Он увидит Артура до начала учебы.

— Как тебе удобно.

— Мне удобно всегда. — Дима вздыхает: вроде бы и настойчив, а все равно за вежливость держится. Манеры вросли в Артура, опутали диким лозами. — Приду, когда скажете.

— Тогда… Эм-м, помнишь кофейню, где мы были осенью? Часам к пяти можешь подойти завтра?

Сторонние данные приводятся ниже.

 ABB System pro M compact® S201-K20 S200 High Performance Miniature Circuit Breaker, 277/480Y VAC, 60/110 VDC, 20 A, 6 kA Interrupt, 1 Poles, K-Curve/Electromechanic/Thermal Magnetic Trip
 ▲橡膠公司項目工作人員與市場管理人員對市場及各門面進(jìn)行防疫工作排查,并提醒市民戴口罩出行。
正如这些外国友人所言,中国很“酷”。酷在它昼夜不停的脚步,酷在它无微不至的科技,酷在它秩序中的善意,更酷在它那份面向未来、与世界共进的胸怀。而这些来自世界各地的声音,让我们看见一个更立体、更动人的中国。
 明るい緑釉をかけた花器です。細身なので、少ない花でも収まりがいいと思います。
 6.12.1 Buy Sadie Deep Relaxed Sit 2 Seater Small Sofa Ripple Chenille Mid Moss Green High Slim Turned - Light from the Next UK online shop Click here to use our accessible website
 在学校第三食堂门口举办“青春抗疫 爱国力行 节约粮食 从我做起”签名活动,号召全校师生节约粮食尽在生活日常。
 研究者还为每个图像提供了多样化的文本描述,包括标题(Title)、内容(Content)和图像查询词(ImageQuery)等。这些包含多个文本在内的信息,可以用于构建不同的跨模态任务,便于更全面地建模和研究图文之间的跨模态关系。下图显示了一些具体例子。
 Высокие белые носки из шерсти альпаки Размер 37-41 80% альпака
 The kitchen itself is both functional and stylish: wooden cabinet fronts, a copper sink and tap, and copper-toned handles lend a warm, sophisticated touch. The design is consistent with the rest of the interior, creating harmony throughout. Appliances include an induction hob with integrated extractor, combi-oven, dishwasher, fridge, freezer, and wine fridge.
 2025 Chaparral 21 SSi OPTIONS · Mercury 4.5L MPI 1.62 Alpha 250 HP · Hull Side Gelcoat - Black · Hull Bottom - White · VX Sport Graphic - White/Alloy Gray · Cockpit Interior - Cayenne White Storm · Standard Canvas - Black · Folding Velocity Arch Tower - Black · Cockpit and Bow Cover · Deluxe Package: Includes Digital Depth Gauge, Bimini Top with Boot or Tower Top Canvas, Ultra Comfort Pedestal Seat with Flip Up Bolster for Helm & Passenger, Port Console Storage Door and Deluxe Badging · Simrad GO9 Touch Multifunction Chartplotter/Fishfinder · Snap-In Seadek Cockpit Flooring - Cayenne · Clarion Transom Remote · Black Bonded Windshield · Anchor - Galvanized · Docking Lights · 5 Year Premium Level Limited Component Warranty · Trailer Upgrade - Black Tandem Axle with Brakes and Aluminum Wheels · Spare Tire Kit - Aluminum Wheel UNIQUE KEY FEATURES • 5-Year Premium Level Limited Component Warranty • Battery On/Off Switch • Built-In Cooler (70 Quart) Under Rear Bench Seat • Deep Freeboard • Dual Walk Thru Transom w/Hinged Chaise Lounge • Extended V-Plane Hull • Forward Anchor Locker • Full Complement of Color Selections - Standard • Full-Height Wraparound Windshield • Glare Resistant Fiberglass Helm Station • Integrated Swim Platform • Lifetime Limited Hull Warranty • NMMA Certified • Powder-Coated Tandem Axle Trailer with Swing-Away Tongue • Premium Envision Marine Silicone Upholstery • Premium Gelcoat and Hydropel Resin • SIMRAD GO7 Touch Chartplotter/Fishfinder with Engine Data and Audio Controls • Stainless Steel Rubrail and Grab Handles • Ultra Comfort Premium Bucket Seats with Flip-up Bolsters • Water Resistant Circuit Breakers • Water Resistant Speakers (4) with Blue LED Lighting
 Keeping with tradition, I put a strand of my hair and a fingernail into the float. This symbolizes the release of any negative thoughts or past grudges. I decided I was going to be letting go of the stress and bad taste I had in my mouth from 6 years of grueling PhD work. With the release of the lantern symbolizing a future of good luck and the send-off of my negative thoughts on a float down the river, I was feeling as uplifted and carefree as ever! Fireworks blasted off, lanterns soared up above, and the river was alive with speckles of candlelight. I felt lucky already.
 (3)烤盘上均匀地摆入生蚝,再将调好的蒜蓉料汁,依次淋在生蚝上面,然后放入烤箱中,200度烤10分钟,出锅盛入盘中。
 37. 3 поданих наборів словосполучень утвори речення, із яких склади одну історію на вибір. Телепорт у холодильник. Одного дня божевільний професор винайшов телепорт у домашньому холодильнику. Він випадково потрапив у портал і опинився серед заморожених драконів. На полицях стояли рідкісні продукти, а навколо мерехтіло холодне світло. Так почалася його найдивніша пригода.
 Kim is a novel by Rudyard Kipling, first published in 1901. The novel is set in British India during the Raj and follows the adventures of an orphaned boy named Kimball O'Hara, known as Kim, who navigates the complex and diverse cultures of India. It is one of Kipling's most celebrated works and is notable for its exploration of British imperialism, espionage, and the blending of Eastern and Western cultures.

Дима соглашается. Перед взором стоят красные листья, разговоры впервые не об учебе, речи о принятии себя. Конечно, он помнит то заведение, доберется легко и не потерявшись. Уже завтра они снова увидятся. И причина не столь важна — Дима уже встречи ждет. Остаток дня едва ли ощущается.

Зимой парк выглядит совсем иначе. Да и сама кофейня к празднику преобразилась; еще не убранные украшения пестрят новогодними красками, на безупречно чистых стеклах расклеены узоры и снежинки из блестящей бумаги, под потолком — гроздья искусственной рябины, у дверей рождественский венок. В оформлении часто перебарщивают, но здесь всего в меру; гармоничная атмосфера маленького уютного местечка привлекает людей, и Дима не удивлен, что тут и в послеобеденное время есть посетители. Не так уж много, но и не пустынно.

— Добрый день, вы бронировали столик? — подлетает официантка. Наугад Дима называет свою фамилию, сотрудница кивает: — Да, Волков — это тот дальний. Добро пожаловать!

Значит, Артур забронировал на фамилию Димы. Знал, видимо, что юноша раньше придет, приятная предусмотрительность. Сам учитель еще не пришел: до встречи минут пятнадцать. Дима пока усаживается на то же место, где был в прошлый раз, вешает куртку на спинку стула, заказывает латте — Артур ведь его берет обычно. О чем же таком он хотел поговорить, что не дождался начала семестра, еще и так взволнован? Могло ли что-то произойти? Дима ломает голову, а сам смотрит в окно — и там узнает быстро шагающий силуэт. Скоро Артур появляется в самой кофейне, сразу замечает Диму и торопится к нему. Надо пожимать руки по эталону, встречая товарища, но Волков не хочет так принижать их отношения; они обмениваются устными приветствиями, и Артур садится.

— О, уже заказал? Спасибо. Как год начался?

— Обычно. Книга, которую в… ты подарил, нравится.

— Хех, тогда я рад. Как… отец?

— Неделю уже его не видел. — Говорить об этом выходит на изумление легко, хотя с любым другим было бы проще себе глотку перерезать, чем вообще эту тему поднять. — У него свои дела.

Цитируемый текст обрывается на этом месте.